# recycled some salvaged wood..and now! cutting board.



## boomchakabowwow (Jul 9, 2016)

i did some heavy lifting years ago and salvaged tons of old mahogany. the majority is at other's houses, since i was in an apartment at that time.

i did keep a few sticks. i am moving into a new home, and my wife gave me that look that said, "you are not relocating at stuff into the new garage". it was fight or flight time.!!

i cut it up and had a buddy help clamp it. we tapered it a tad to make dumping food into a tray easier.plus it looks unique.

here it is: he said it is Philippines mahogany. i dont know.

it is 18x24. almost too big


----------



## boomchakabowwow (Jul 9, 2016)

whacking apart an onion on that thing is gonna sting the 1st time


----------



## aboynamedsuita (Jul 9, 2016)

Glad you were able to repurpose rhe wood! The tapered sides are pretty clever too, probably helps to lift as well


----------



## toddnmd (Jul 9, 2016)

Beautiful work!


----------



## 99Limited (Jul 10, 2016)

Wow, that's some nice work. It's almost too nice to use, but then again who wants to use an ugly cutting board? :ggodjob:


----------



## Bloum (Sep 25, 2016)

Very nice finish and color!

But isn't it too heavy to lift the cutting board with one hand with the chopped meat or vegetables to the pan?


----------



## Fedusa (Sep 28, 2016)

Wow, looks good.

How much does that thing weigh?


----------



## jimmy_d (Sep 29, 2016)

Great looking board!


----------



## Danzo (Oct 3, 2016)

Pretty


----------



## AFKitchenknivesguy (Oct 3, 2016)

I'd use it, nice work.


----------



## boomchakabowwow (Oct 4, 2016)

it's heavy. i havent weighed it yet, but i do know my wife hates moving it about. it is very close to our sink, so we have just been sweeping into it. 

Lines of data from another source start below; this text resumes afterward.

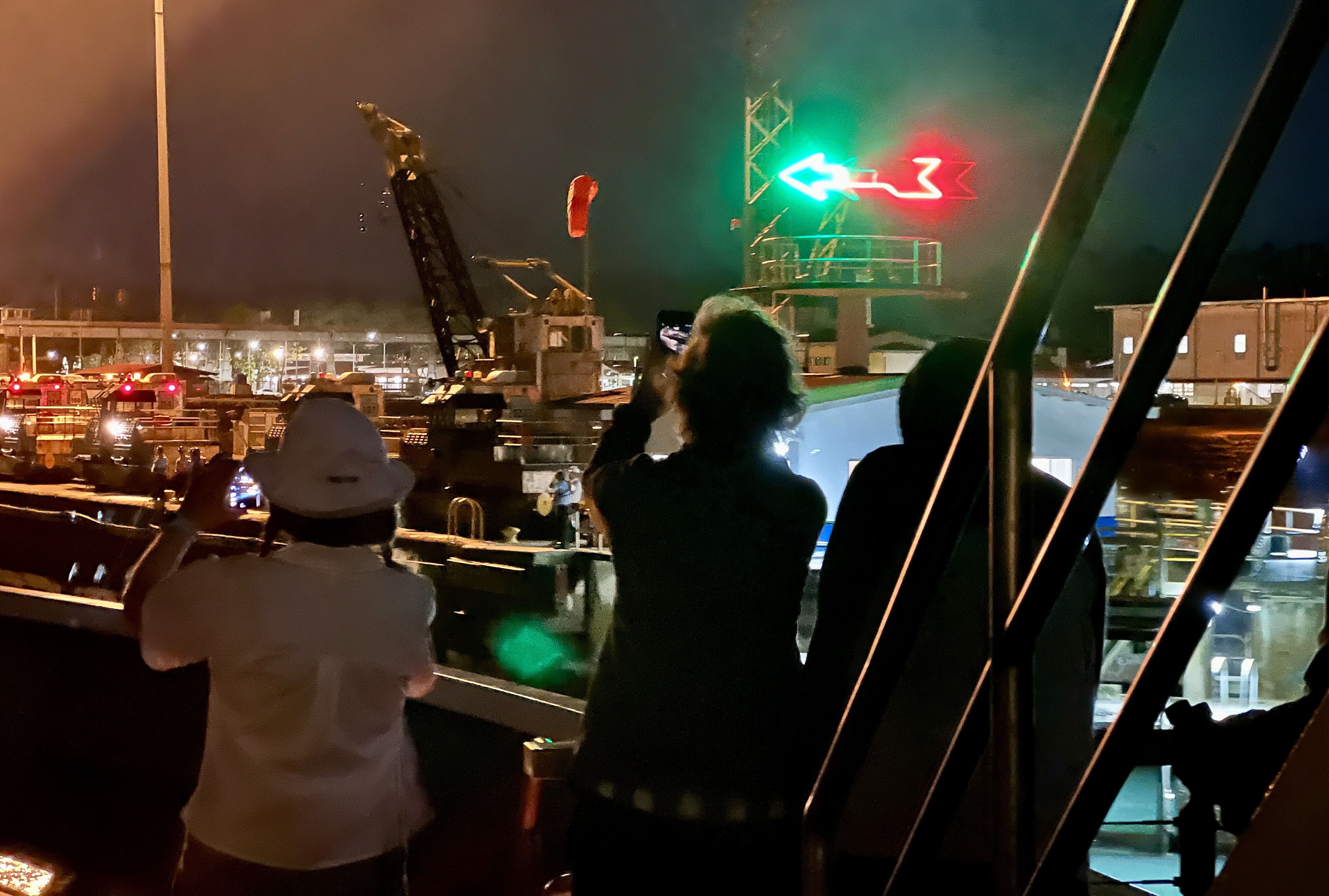 In the late afternoon, we started our crossing of the canal. First we entered the Miraflores Locks, composed of two chambers that lifted us up to Miraflores Lake. Next was the Pedro Miguel Lock, and then finally the famous Culebra Cut, the narrowest part of the canal.
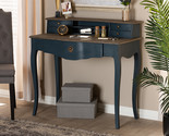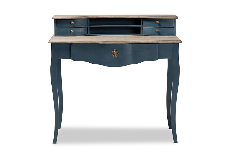 A classic French silhouette is combined with a rich blue finish to give the Adora writing desk a uniquely contemporary elegance. This stunning piece of furniture is crafted from bayur wood in a rich blue spruce finish that is complemented by the white-streaked natural veneer tabletop. Its traditional French inspired design features graceful saber legs and carved brass drawer knobs. Designed to add both beauty and function to your space, the Adora is fitted with ample storage capacity. One large drawer provides space to store folders and documents, while four smaller drawers and two shelves provide storage space for writing utensils and stationary. The Adora writing desk is made in Indonesia and requires assembly.
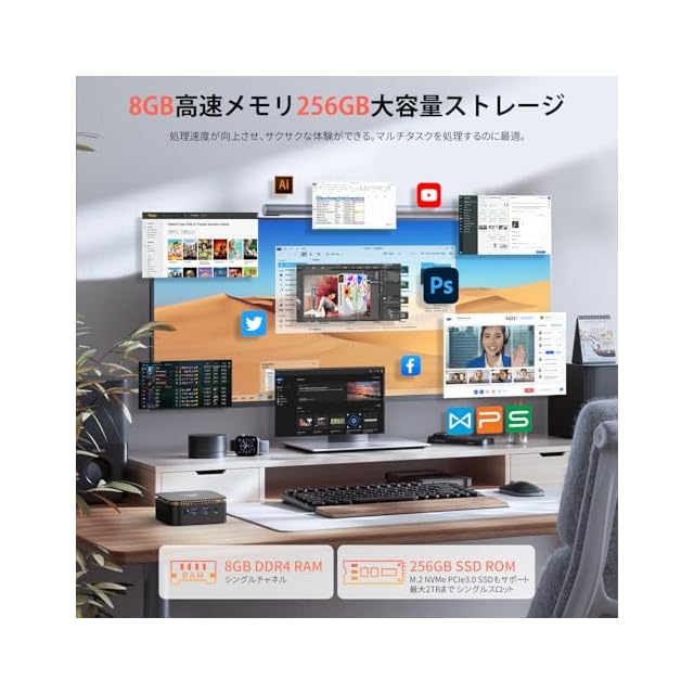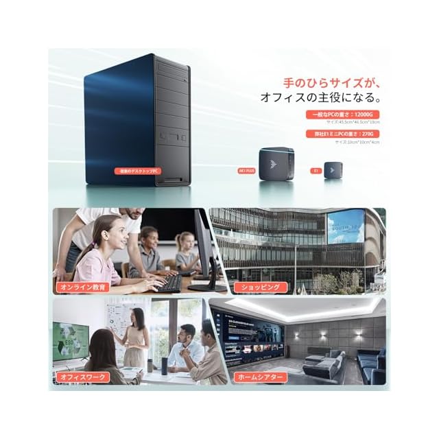 2.【2025新型ミニPC→さらに小さくて軽い、さらにパワフルで静か】:小型pcはメモリ/ストレージが16GB+512GBを標準搭載しています。SSDの接続端子はM.2 NVMe PCle3.0 SSD/SATA SSD対応し、最大2TBまで換装可能です。DDR4高週波メモリは、システム全体の応答性を高め、非常に速く、ラグやジャンプがありません。2025新型省スペースミニPCとして、他社製品に比べて、体積60%削減(驚きの10×10×4cmに小型化進化)、超軽量274g(他社製品より30%軽量化)を実現しながら、処理性能は15%向上。●超静音冷却ファンを内蔵し、放熱が速く、騒音が少ないなどの特徴を持っています。高回転扇葉は熱を早く発散させ、熱による引き起こされるフリーズ、シャットダウン、ブルースクリーンなどの問題が前世代より大幅に削減し、PCの安定した動作をします。
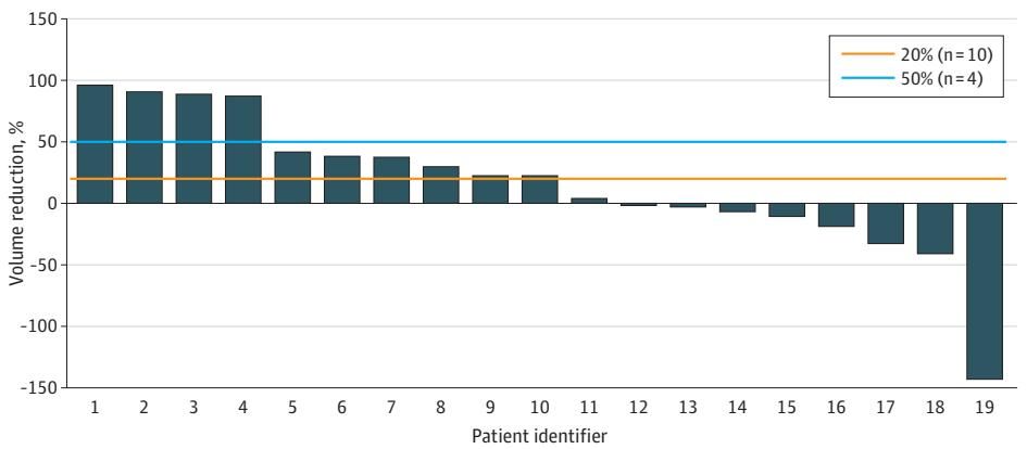 整体来看,病变体积的中位缩减率为22.9%。
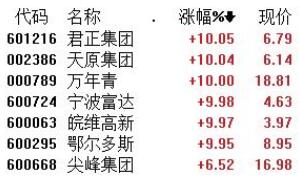 30日水泥板塊整體走強,截至收盤,除萬年青外,君正集團、天原集團、寧波富達、皖維高新等多股均漲停。
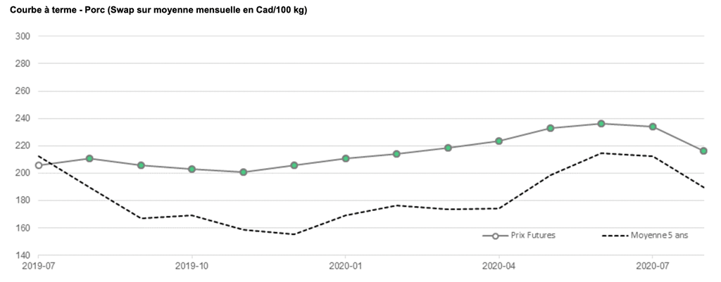Voici les prix les plus récents sur le marché du porc et des grains:
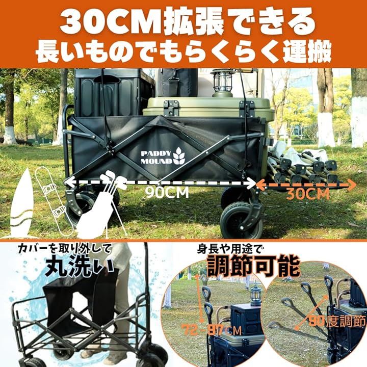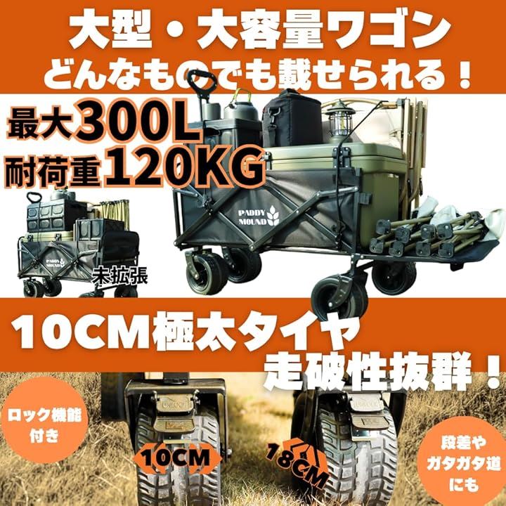 アウトドアジャーナリスト推奨 大容量300L 極太10cm タイヤ キャリーカート ワゴン 長物対応 自立 コンパクト 収納 台車 キャンプ
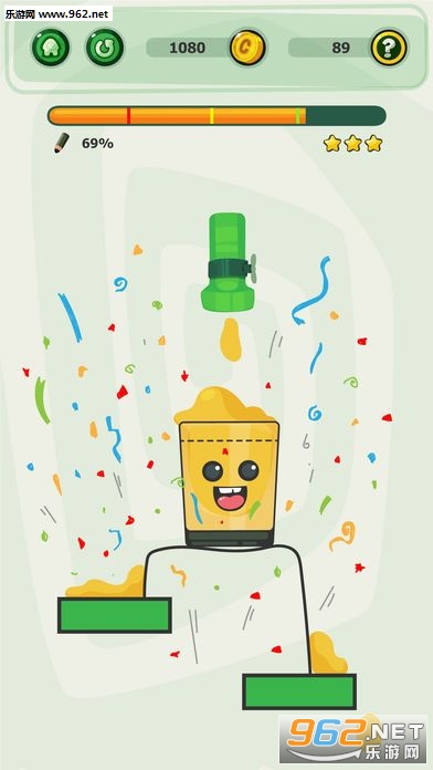 3、趣味性非常的强,自由的发挥,利用各种道具,成功的让杯子装满果汁。
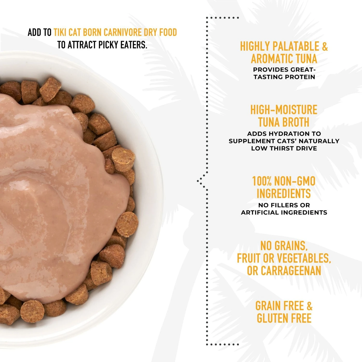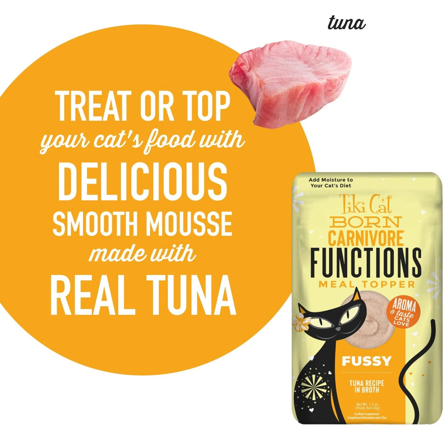 The Tiki Cat Born Carnivore Fussy Functional Cat Food Topper is a su-purr tasty way to entice your picky kitty. Just squeeze this silky smooth topper on Tiki Cat Born Carnivore dry food (sold separately) or feed it alone. This topper is made with real flaked tuna, so it’s brimming with the fishy flavor and aroma that cats love. It gives your kitty a boost of protein and moisture to support his overall health. This topper also adds important moisture to your furbaby’s meal.

the worst part about it, it might be too thick. it is a tad tall in the cutting surface for my small wife. she doenst like it that way. it's pretty comfortable at my height. my brother loves it, so i might take it to him.


----------



## cheflife15 (Oct 12, 2016)

Great work! I wish i had the skills or tools to do that!


----------



## foody518 (Oct 12, 2016)

24x18 is a great size!


----------